### EXERCISE GOAL:
Return every line of the data below exactly, but do not include the images.
*** EXERCISE DATA Section Begins ***
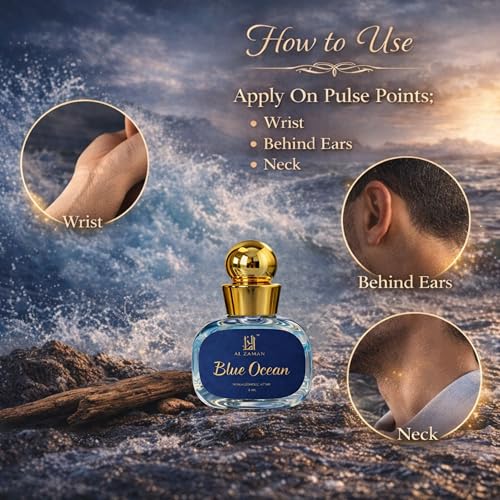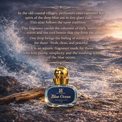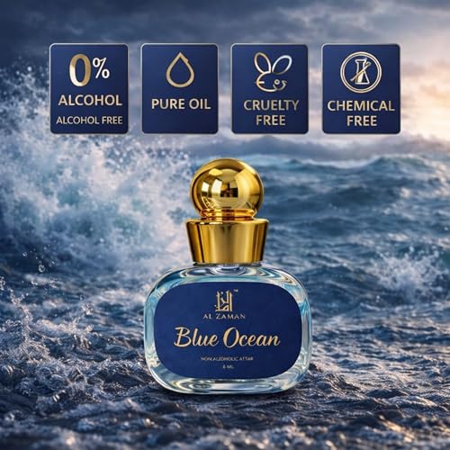 NON-ALCOHOLIC ATTAR: Blue Ocean is a premium alcohol-free attar oil that provides a fresh, aquatic fragrance experience suitable for both men and women
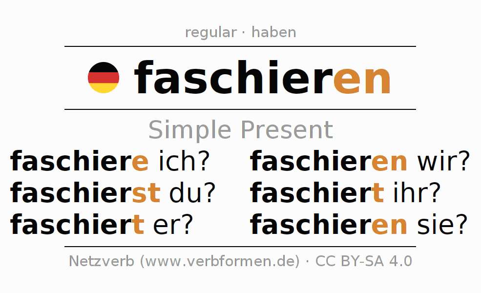 The conjugation of faschieren in Present Indicative Presence Active is faschiere ich?, faschierst du?, faschiert er?, faschieren wir?, faschiert ihr?, faschieren sie?.The conjugation corresponds to certain grammatical rules. Likewise the requirements for the conjugation of the simple verb forms of faschieren in Present. Comments ☆
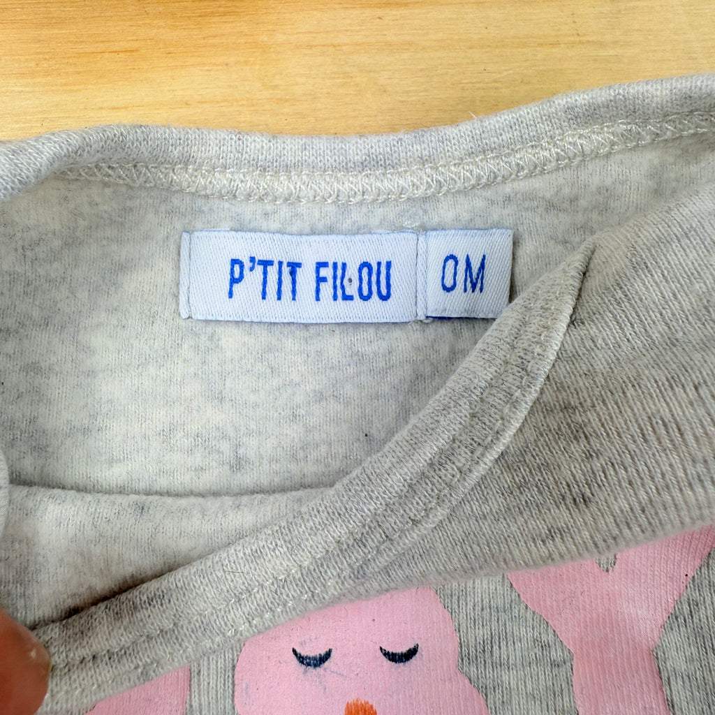 P'tit Filou: grijs shirt met lange mouwen: 0m
*** EXERCISE DATA Section Ends ***
### EXPECTED OUTPUT:
 NON-ALCOHOLIC ATTAR: Blue Ocean is a premium alcohol-free attar oil that provides a fresh, aquatic fragrance experience suitable for both men and women
 The conjugation of faschieren in Present Indicative Presence Active is faschiere ich?, faschierst du?, faschiert er?, faschieren wir?, faschiert ihr?, faschieren sie?.The conjugation corresponds to certain grammatical rules. Likewise the requirements for the conjugation of the simple verb forms of faschieren in Present. Comments ☆
 P'tit Filou: grijs shirt met lange mouwen: 0m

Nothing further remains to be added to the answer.